Саша представил, что его отдали на воспитание Гиркину-Стрелкову, и ему стало не по себе. Ладно, не будем драматизировать. Товарищ Стрелков в юности увлекался идеалам белого движения и даже писал эмоциональные стихи по то, как красиво умрет за Россию. Интересно, насколько господину Гогелю близок сей имперский романтизм?

Кофе Саша пил молча, размышляя о том, где у гувернера может быть кнопка.

— Григорий Федорович, а вы в юности стихов не писали? — наконец, спросил Саша.

— Нет. А, почему вы так решили?

— Просто, напомнили мне одного человека… Мне надо несколько писем написать. Могу я сейчас этим заняться?

— Да, конечно. Кому?

— Я обязан отчитываться перед вами в том, с кем веду переписку? — спросил Саша.

— Да, Александр Александрович.

— Хорошо. Письмо номер один. Никсе.

И Саша отодвинул чашку из-под кофе на край стола, взял лист бумаги и карандаш.

— Александр Александрович, — сказал Гогель, — письма карандашом не пишут.
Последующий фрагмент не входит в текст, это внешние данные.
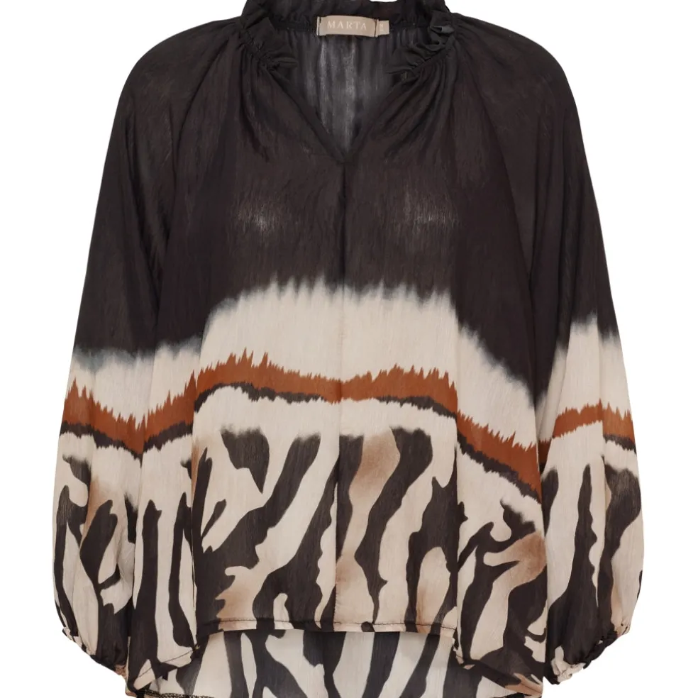 Sød bluse fra Marta du Château i et flot print. Blusen er V-halset med flæse detalje og lidt længere bagtil end foran. Den kan styles med både jeans og sneakers for et hverdags outfit, eller en nederdel og ballerina til finere brug.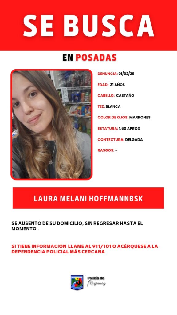 Persona desparecida en Posadas 1 febrero, 20261 febrero, 2026 Se solicita cualquier información sobre el paradero de Laura Melani Hoffmannbsk

Это крайне невежливо.

— Ладно, — вздохнул Саша.

И взял перо и чернильницу.

С огромным трудом вывел: «Привет, Никса!» Без клякс, слава Богу, обошлось, но от пера шли мелкие чернильные брызги.

— «Привет» — это не принято, — прокомментировал Гогель. — И после «т» ставится «ер».

— Твердый знак? — переспросил Саша.

— Да.

— Хорошо, как мне лучше к моему брату обратиться?

— «Милый Николай», «Любезный Николай Александрович», «Милый любезный брат».

Саша скомкал начатое письмо и взял новый лист бумаги. Вывел:

«Милый Никса!»

Гогель прочитал, но не придрался.

«Спасибо тебе за Корфа, — продолжил Саша. — Кажется, я о нем где-то слышал. Прочитаю обязательно.

За словарь и Беранже — двойное спасибо.

Почему? (Ну, ты понял).

Саша».

Подумал и расставил маленькие твердые знаки после всех согласных на концах слов.

Показал Гогелю.

— Нормально?

— Лучше подписаться «Твой Саша».

Саша добавил «Твой».

— С лакеем можно послать?

— Да.

— У Никсы где-то тут комнаты?

— Не совсем. Он в Сосновом доме. Отсюда минут пять пешком.

— У Никсы отдельная дача?

— Да, Александр Александрович.

— Круто! — восхитился Саша.

Письмо Никсе отправилось с призванным колокольчиком Митей, от которого, вроде, больше не пахло. Или привык?